Wednesday, July 11, 2007

The Rube Goldberg North End public relations machine


It's now obvious that the developer and the town planner are waging a public relations war to get the citizens of Middletown on board with the Liberty Square development, before it comes before the Planning and Zoning Commission.

The public relations is a bit clumsy when we have our town planner saying: "We needed to have an open and well-lit parking lot because of the perception and reality of crime in the area."

Again, I'm totally in favor of commercial/retail on that site. And the proposed plan is good, but as many people have said, it isn't perfect. And from my perspective, it's got some real problems that could easily be corrected.

I'm not looking for perfect, I'm just looking for the city to ask the developer to make some relatively small alterations to make it safe for pedestrians, and the best for Middletown's Main Street streetscape.

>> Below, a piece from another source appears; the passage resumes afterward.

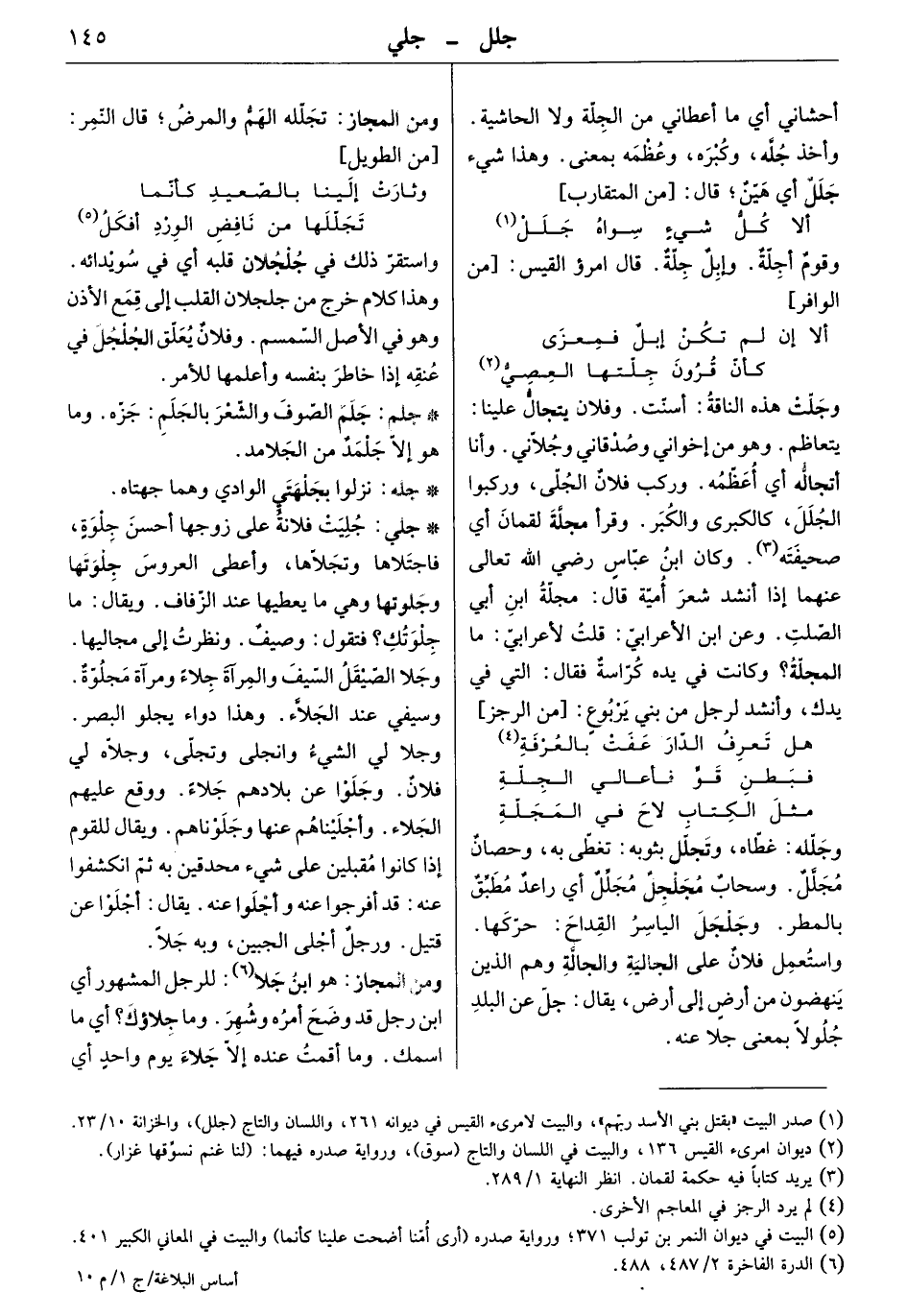 وجلت هذه الناقة: أسنت. وفلان يتجال علينا: يتعاظم. وهو من إخواني وصدقاني وجلاني. وأنا أتجاله أي أعظمه. وركب فلان الجلّى، وركبوا الجلل، كالكبرى والكبر. وقرأ مجلة لقمان أي صحيفته. وكان ابن عباس رضي الله تعالى عنهما إذا أنشد شعر أمية قال: مجلة ابن أبي الصلت. وعن ابن الأعرابي: قلت لأعرابي: ما المجلة وكانت في يده كراسة فقال: التي في يدك، وأنشد لرجل من بني يربوع:

Here's what I think needs to be done:

1. Delete the entrance and exit driveway which will cross Main Street. Our town planner says correctly that the new driveway (curb cut), will be a single driveway replacing three currently on the property. What he doesn't say is that two of the three on the property now are rarely used, and that in consolidating three down to one, it will actually increase traffic in the one driveway. In addition, a retail store and business offices will further increase the traffic. All of which will cross Main Street, which already has regular foot traffic, and where we hope to encourage more. It's a formula for a car vs. pedestrian accident.

Solution: Make exit and entrances over the less-pedestrian traveled Liberty Street. The affected area of Liberty Street could be widened to make it a two-way street for entrance and exit from the new parking area.

2. Do not place surface parking adjacent to the Main Street sidewalk. Almost universally, progressive urban planners, especially those who value pedestrian traffic on main downtown thoroughfares, indicate that surface parking adjacent to sidewalks is extremely detrimental to luring foot traffic. Such surface parking also interrupts the kind of streetscape where buildings line a steet to draw pedestrians from store front to store front. A 100ft gap will be created on Main Street, and decorative walls and buffer plantings do not solve the problem.

Solution: A simple re-design of the building from a square to a rectangle will solve the problem.

3. Do not replace a historically-significant building with 10 blacktop spaces in a surface parking lot. The building at 9 Liberty is the former Methodist Chapel. It's 150 years old and is fully-inventoried in the National Register of Historic places. The town plans to move the building to Rapallo Avenue to create new residential space. Fine, if the building were not to be replaced with blacktop.

Solution: Leave the building where it is, and rehab it for residence at the location.